• _Given records_:

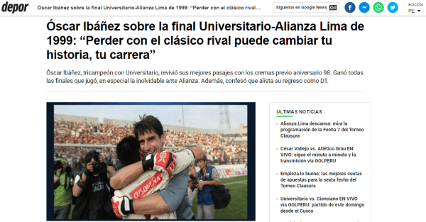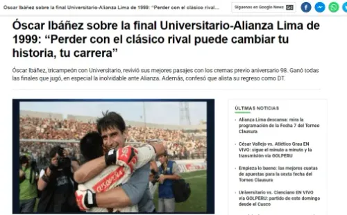 Muchos podrán decir que no es el momento de acordarse del rival eterno, pero en esta oportunidad lo sintió oportuno, y quién se puede negar a oírlo. Óscar Ibáñez, para muchos jóvenes, ha sido el mejor portero que defendió el arco de Universitario de Deportes durante mucho tiempo. Razones no le faltarán, por eso es considerado como un referente histórico.
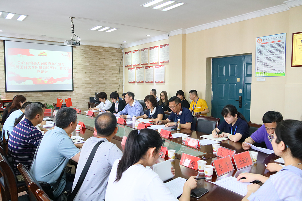 上午11点,座谈会在北校区行政楼五楼会议室召开,关岭县人民政府副县长万江、卫健局局长左俊,县人民医院副经理李益、医务科副科长雷波、护理部主任胡跃芬、口腔科主任罗昌雄、花江镇卫生院经理陈显桂、安顺市人民医院口腔科医生任云丹、李宁和县政府的工作人员郑伟微,以及公司党委书记张军梅、经理马洪、副经理王永出席会议;公司各临床医技科室、各行政职能部门主要负责人及部分脱贫攻坚工作组成员参加会议。会议由副经理王永主持。
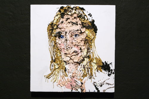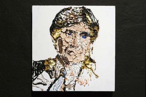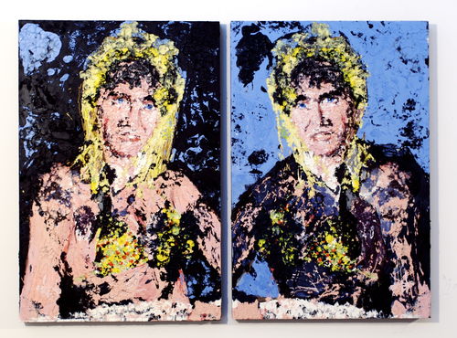 In the beginning she relied heavily on the Internet and was able to gain access to a lot of information quite easily and legally. Then she moved on to a more intuitive approach: she had his handwriting analyzed and got his-and-her astrological charts. She painted a portrait of him, and while it was still wet, smashed it face-to-face with her own self-portrait. Their faces literally merge in these “kiss” paintings. She carefully studied the photos and facts and painted incredibly small, almost fetishized compositions of snapshots and found documents. She then photographed these miniature paintings at the highest resolution possible (the size used for fingerprint analysis) and blew them up so that they operate as forensic documents revealing fingerprints, hairs from the paintbrush (and from the artist), and pieces of lint and dust. But all these traces are from the artist, and the enlarged images only took him more out of focus. Here she began to collapse her own identity into his as her physical evidence superseded clues about him.
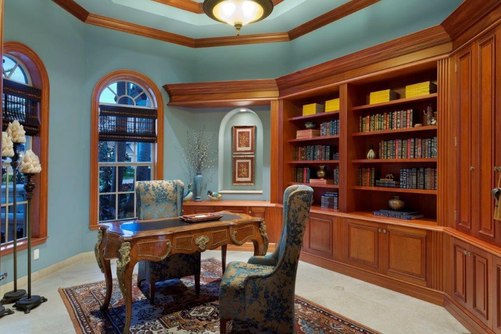 Magnificent westerly views overlook the 10th and 11th fairways and driving range from this timeless golf course estate in a lush garden setting located close to Royal Palm's private marina. Surrounding the sparkling waters of the solar-heated saltwater pool - with its stepping-stone-lined fountains and spillover spa - the full-length terrace provides shaded and open areas for outdoor gatherings.
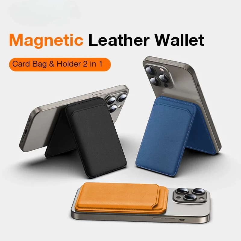 Wireless M2 Magnetic Phone Card Holder Magsafe Wallet Slim Premium Leather Card Bag Stand
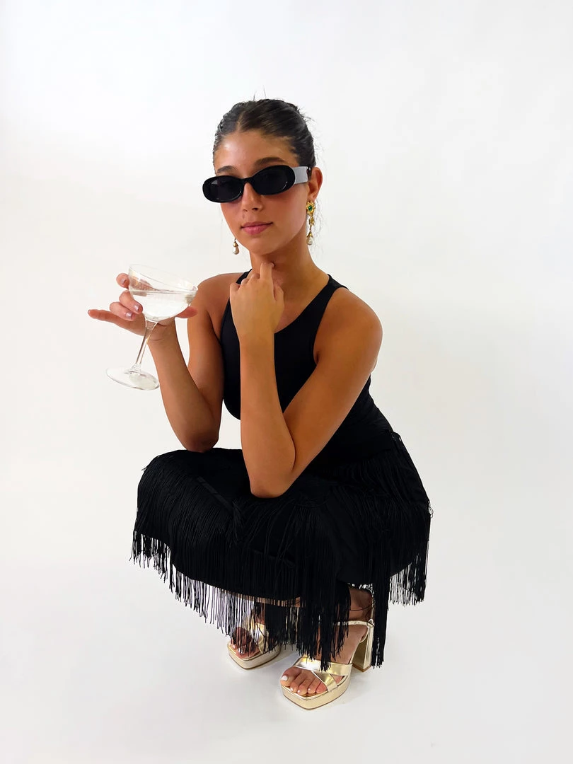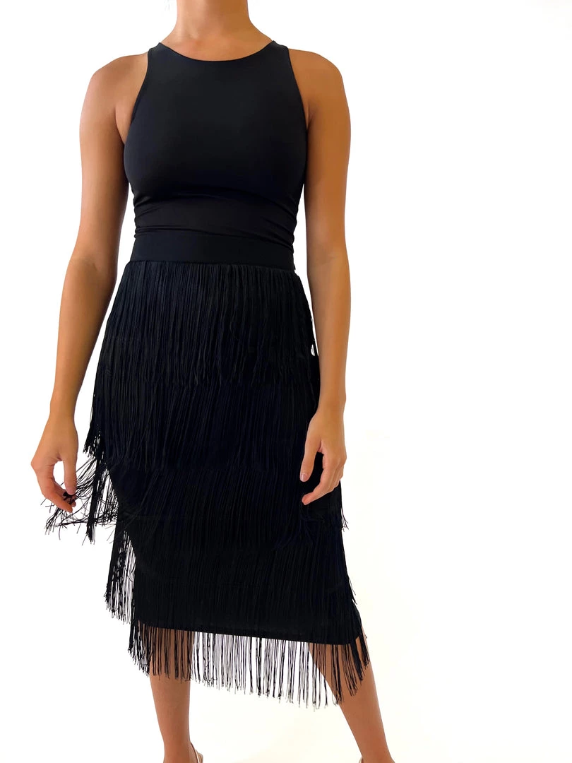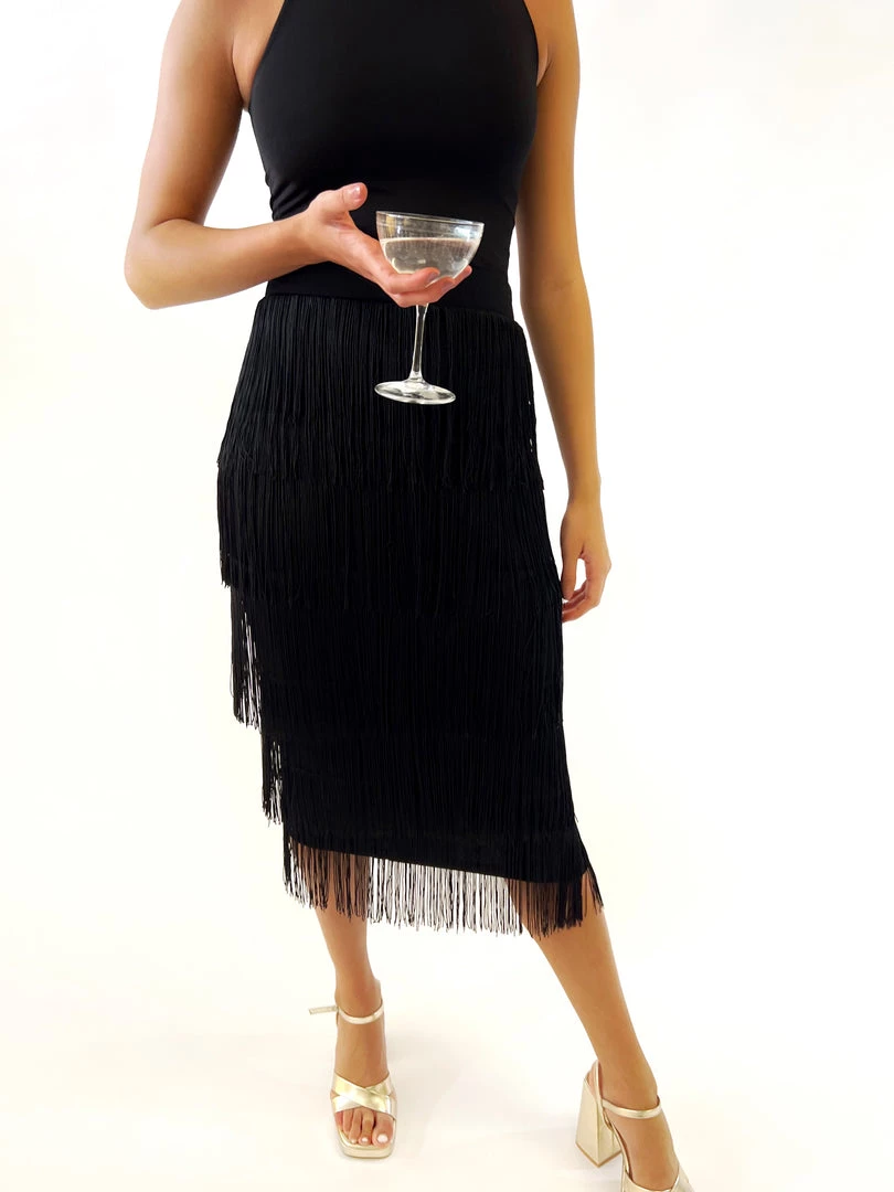 - Midi length with layered black fringe

• _Aim of the exercise_:
The response is to contain exactly the lines from the beginning of the data through the line containing "上午11点,座谈会在北校区行", both ends included, and nothing else; omit the pictures.

• _Result of the task_:
 Muchos podrán decir que no es el momento de acordarse del rival eterno, pero en esta oportunidad lo sintió oportuno, y quién se puede negar a oírlo. Óscar Ibáñez, para muchos jóvenes, ha sido el mejor portero que defendió el arco de Universitario de Deportes durante mucho tiempo. Razones no le faltarán, por eso es considerado como un referente histórico.
 上午11点,座谈会在北校区行政楼五楼会议室召开,关岭县人民政府副县长万江、卫健局局长左俊,县人民医院副经理李益、医务科副科长雷波、护理部主任胡跃芬、口腔科主任罗昌雄、花江镇卫生院经理陈显桂、安顺市人民医院口腔科医生任云丹、李宁和县政府的工作人员郑伟微,以及公司党委书记张军梅、经理马洪、副经理王永出席会议;公司各临床医技科室、各行政职能部门主要负责人及部分脱贫攻坚工作组成员参加会议。会议由副经理王永主持。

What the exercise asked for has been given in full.